EXERCISE => Output each entry that follows exactly. Images stay out.

DATA SUPPLIED =>
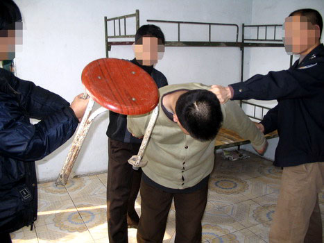 ![]() 中共黑狱酷刑演示:铁桶敲头 |
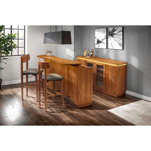 Designed in mid-century modern style, the Howard Miller 697058 Thorin Bar Stool is perfect for a home bar, kitchen island, or dining space. Its warm wood tones, clean lines, and curved backrest create a sophisticated silhouette, while the padded black seat ensures you stay comfortable whether you're enjoying your morning coffee or entertaining guests. Crafted for everyday use, this bar stool has sturdy construction, thoughtful details, and versatile design.
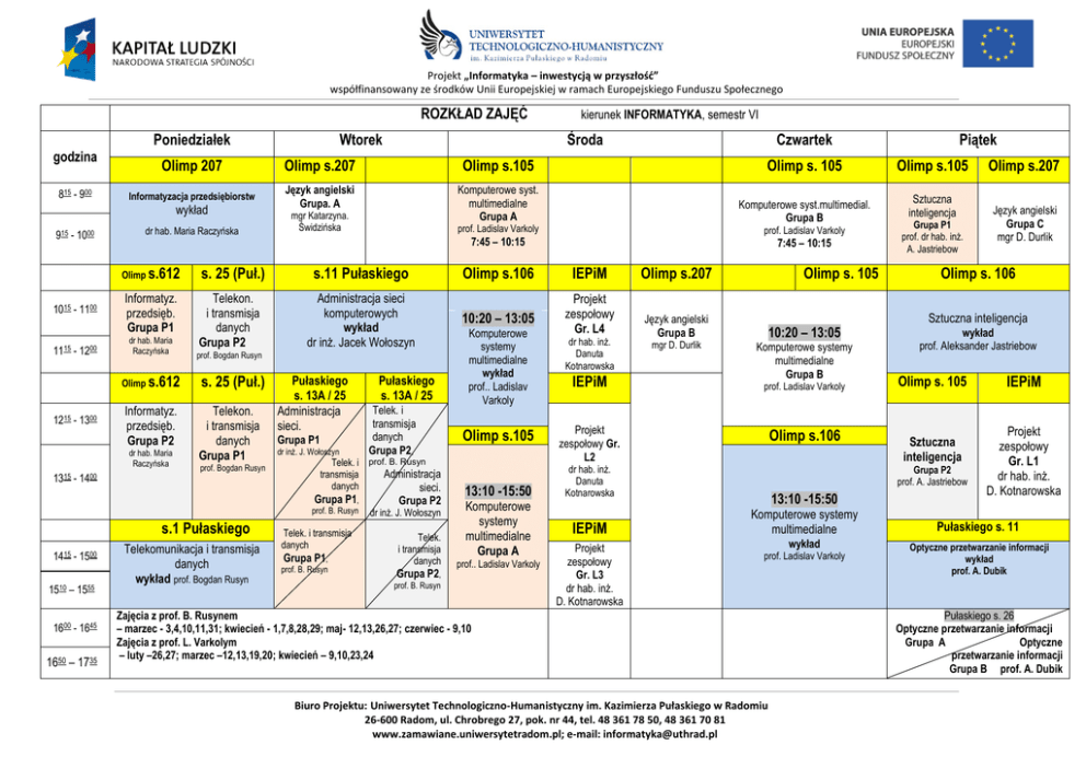 Projekt „Informatyka – inwestycją w przyszłość” współfinansowany ze środków Unii Europejskiej w ramach Europejskiego Funduszu Społecznego ROZKŁAD ZAJĘĆ godzina 815 - 900 915 - 1000 1015 - 1100 1115 - 1200 1215 - 1300 Poniedziałek 1510 – 1555 1600 - 1645 1650 – 1735 Czwartek Piątek Olimp s.207 Olimp s.105 Olimp s. 105 Olimp s.105 Informatyzacja przedsiębiorstw Język angielski Grupa. A Komputerowe syst. multimedialne Grupa A Komputerowe syst.multimedial. Grupa B Sztuczna inteligencja 7:45 – 10:15 7:45 – 10:15 wykład dr hab. Maria Raczyńska mgr Katarzyna. Świdzińska prof. Ladislav Varkoly Olimp s.612 s. 25 (Puł.) s.11 Pułaskiego Informatyz. przedsięb. Grupa P1 Telekon. i transmisja danych Grupa P2 Administracja sieci komputerowych wykład dr inż. Jacek Wołoszyn dr hab. Maria Raczyńska prof. Bogdan Rusyn Olimp s.612 s. 25 (Puł.) Informatyz. przedsięb. Grupa P2 Telekon. i transmisja danych Grupa P1 prof. Bogdan Rusyn s.1 Pułaskiego 1415 - 1500 Środa Olimp 207 dr hab. Maria Raczyńska 1315 - 1400 Wtorek kierunek INFORMATYKA, semestr VI Telekomunikacja i transmisja danych wykład prof. Bogdan Rusyn Pułaskiego s. 13A / 25 Administracja sieci. Grupa P1 dr inż. J. Wołoszyn Pułaskiego s. 13A / 25 Telek. i transmisja danych Grupa P2, Telek. i prof. B. Rusyn transmisja Administracja danych sieci. Grupa P1, prof. B. Rusyn Telek. i transmisja danych Grupa P1, prof. B. Rusyn Grupa P2 dr inż. J. Wołoszyn Telek. i transmisja danych Grupa P2, prof. B. Rusyn prof. Ladislav Varkoly Olimp s.106 IEPiM Olimp s.207 10:20 – 13:05 Projekt zespołowy Gr. L4 Język angielski Grupa B Komputerowe systemy multimedialne wykład prof.. Ladislav Varkoly Olimp s.105 13:10 -15:50 Komputerowe systemy multimedialne Grupa A prof.. Ladislav Varkoly Zajęcia z prof. B. Rusynem – marzec - 3,4,10,11,31; kwiecień - 1,7,8,28,29; maj- 12,13,26,27; czerwiec - 9,10 Zajęcia z prof. L. Varkolym – luty –26,27; marzec –12,13,19,20; kwiecień – 9,10,23,24 dr hab. inż. Danuta Kotnarowska IEPiM mgr D. Durlik Olimp s. 105 10:20 – 13:05 Komputerowe systemy multimedialne Grupa B prof. Ladislav Varkoly Projekt zespołowy Gr. L2 Olimp s.106 dr hab. inż. Danuta Kotnarowska IEPiM Projekt zespołowy Gr. L3 dr hab. inż. D. Kotnarowska 13:10 -15:50 Grupa P1 prof. dr hab. inż. A. Jastriebow Olimp s.207 Język angielski Grupa C mgr D. Durlik Olimp s. 106 Sztuczna inteligencja wykład prof. Aleksander Jastriebow Olimp s. 105 Sztuczna inteligencja Grupa P2 prof. A. Jastriebow IEPiM Projekt zespołowy Gr. L1 dr hab. inż. D. Kotnarowska Komputerowe systemy multimedialne Pułaskiego s. 11 prof. Ladislav Varkoly Optyczne przetwarzanie informacji wykład prof. A. Dubik Biuro Projektu: Uniwersytet Technologiczno-Humanistyczny im. Kazimierza Pułaskiego w Radomiu 26-600 Radom, ul. Chrobrego 27, pok. nr 44, tel. 48 361 78 50, 48 361 70 81 www.zamawiane.uniwersytetradom.pl; e-mail: [email protected] wykład Pułaskiego s. 26 Optyczne przetwarzanie informacji Grupa A Optyczne przetwarzanie informacji Grupa B prof. A. Dubik
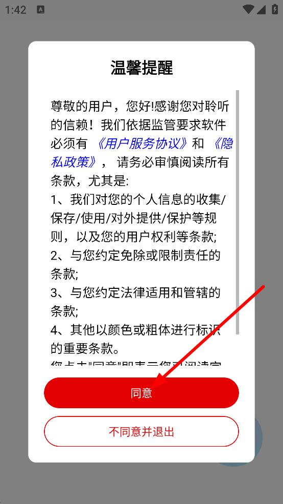 1、在溫馨提醒彈窗中,點(diǎn)擊同意,進(jìn)入聆聽音樂主界面。
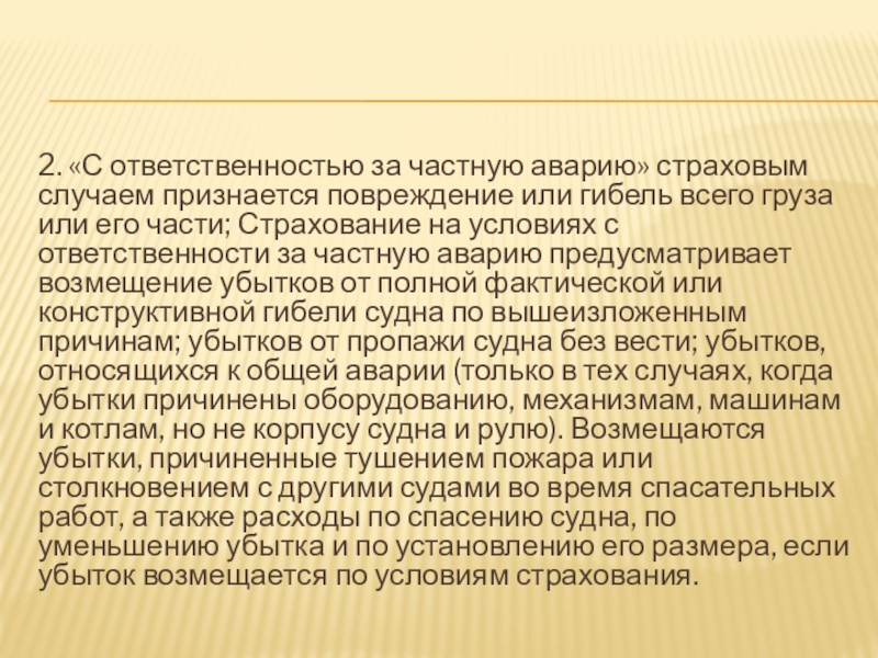 гибель всего груза или его части; Страхование на условиях с ответственности за частную аварию предусматривает возмещение убытков от полной фактической или конструктивной гибели судна по вышеизложенным причинам; убытков от пропажи судна без вести; убытков, относящихся к общей аварии (только в тех случаях, когда убытки причинены оборудованию, механизмам, машинам и котлам, но не корпусу судна и рулю). Возмещаются убытки, причиненные тушением пожара или столкновением с другими судами во время спасательных работ, а также расходы по спасению судна, по уменьшению убытка и по установлению его размера, если убыток возмещается по условиям страхования.

OUTPUT =>
 ![]() 中共黑狱酷刑演示:铁桶敲头 |
 Designed in mid-century modern style, the Howard Miller 697058 Thorin Bar Stool is perfect for a home bar, kitchen island, or dining space. Its warm wood tones, clean lines, and curved backrest create a sophisticated silhouette, while the padded black seat ensures you stay comfortable whether you're enjoying your morning coffee or entertaining guests. Crafted for everyday use, this bar stool has sturdy construction, thoughtful details, and versatile design.
 Projekt „Informatyka – inwestycją w przyszłość” współfinansowany ze środków Unii Europejskiej w ramach Europejskiego Funduszu Społecznego ROZKŁAD ZAJĘĆ godzina 815 - 900 915 - 1000 1015 - 1100 1115 - 1200 1215 - 1300 Poniedziałek 1510 – 1555 1600 - 1645 1650 – 1735 Czwartek Piątek Olimp s.207 Olimp s.105 Olimp s. 105 Olimp s.105 Informatyzacja przedsiębiorstw Język angielski Grupa. A Komputerowe syst. multimedialne Grupa A Komputerowe syst.multimedial. Grupa B Sztuczna inteligencja 7:45 – 10:15 7:45 – 10:15 wykład dr hab. Maria Raczyńska mgr Katarzyna. Świdzińska prof. Ladislav Varkoly Olimp s.612 s. 25 (Puł.) s.11 Pułaskiego Informatyz. przedsięb. Grupa P1 Telekon. i transmisja danych Grupa P2 Administracja sieci komputerowych wykład dr inż. Jacek Wołoszyn dr hab. Maria Raczyńska prof. Bogdan Rusyn Olimp s.612 s. 25 (Puł.) Informatyz. przedsięb. Grupa P2 Telekon. i transmisja danych Grupa P1 prof. Bogdan Rusyn s.1 Pułaskiego 1415 - 1500 Środa Olimp 207 dr hab. Maria Raczyńska 1315 - 1400 Wtorek kierunek INFORMATYKA, semestr VI Telekomunikacja i transmisja danych wykład prof. Bogdan Rusyn Pułaskiego s. 13A / 25 Administracja sieci. Grupa P1 dr inż. J. Wołoszyn Pułaskiego s. 13A / 25 Telek. i transmisja danych Grupa P2, Telek. i prof. B. Rusyn transmisja Administracja danych sieci. Grupa P1, prof. B. Rusyn Telek. i transmisja danych Grupa P1, prof. B. Rusyn Grupa P2 dr inż. J. Wołoszyn Telek. i transmisja danych Grupa P2, prof. B. Rusyn prof. Ladislav Varkoly Olimp s.106 IEPiM Olimp s.207 10:20 – 13:05 Projekt zespołowy Gr. L4 Język angielski Grupa B Komputerowe systemy multimedialne wykład prof.. Ladislav Varkoly Olimp s.105 13:10 -15:50 Komputerowe systemy multimedialne Grupa A prof.. Ladislav Varkoly Zajęcia z prof. B. Rusynem – marzec - 3,4,10,11,31; kwiecień - 1,7,8,28,29; maj- 12,13,26,27; czerwiec - 9,10 Zajęcia z prof. L. Varkolym – luty –26,27; marzec –12,13,19,20; kwiecień – 9,10,23,24 dr hab. inż. Danuta Kotnarowska IEPiM mgr D. Durlik Olimp s. 105 10:20 – 13:05 Komputerowe systemy multimedialne Grupa B prof. Ladislav Varkoly Projekt zespołowy Gr. L2 Olimp s.106 dr hab. inż. Danuta Kotnarowska IEPiM Projekt zespołowy Gr. L3 dr hab. inż. D. Kotnarowska 13:10 -15:50 Grupa P1 prof. dr hab. inż. A. Jastriebow Olimp s.207 Język angielski Grupa C mgr D. Durlik Olimp s. 106 Sztuczna inteligencja wykład prof. Aleksander Jastriebow Olimp s. 105 Sztuczna inteligencja Grupa P2 prof. A. Jastriebow IEPiM Projekt zespołowy Gr. L1 dr hab. inż. D. Kotnarowska Komputerowe systemy multimedialne Pułaskiego s. 11 prof. Ladislav Varkoly Optyczne przetwarzanie informacji wykład prof. A. Dubik Biuro Projektu: Uniwersytet Technologiczno-Humanistyczny im. Kazimierza Pułaskiego w Radomiu 26-600 Radom, ul. Chrobrego 27, pok. nr 44, tel. 48 361 78 50, 48 361 70 81 www.zamawiane.uniwersytetradom.pl; e-mail: [email protected] wykład Pułaskiego s. 26 Optyczne przetwarzanie informacji Grupa A Optyczne przetwarzanie informacji Grupa B prof. A. Dubik
 1、在溫馨提醒彈窗中,點(diǎn)擊同意,進(jìn)入聆聽音樂主界面。
 гибель всего груза или его части; Страхование на условиях с ответственности за частную аварию предусматривает возмещение убытков от полной фактической или конструктивной гибели судна по вышеизложенным причинам; убытков от пропажи судна без вести; убытков, относящихся к общей аварии (только в тех случаях, когда убытки причинены оборудованию, механизмам, машинам и котлам, но не корпусу судна и рулю). Возмещаются убытки, причиненные тушением пожара или столкновением с другими судами во время спасательных работ, а также расходы по спасению судна, по уменьшению убытка и по установлению его размера, если убыток возмещается по условиям страхования.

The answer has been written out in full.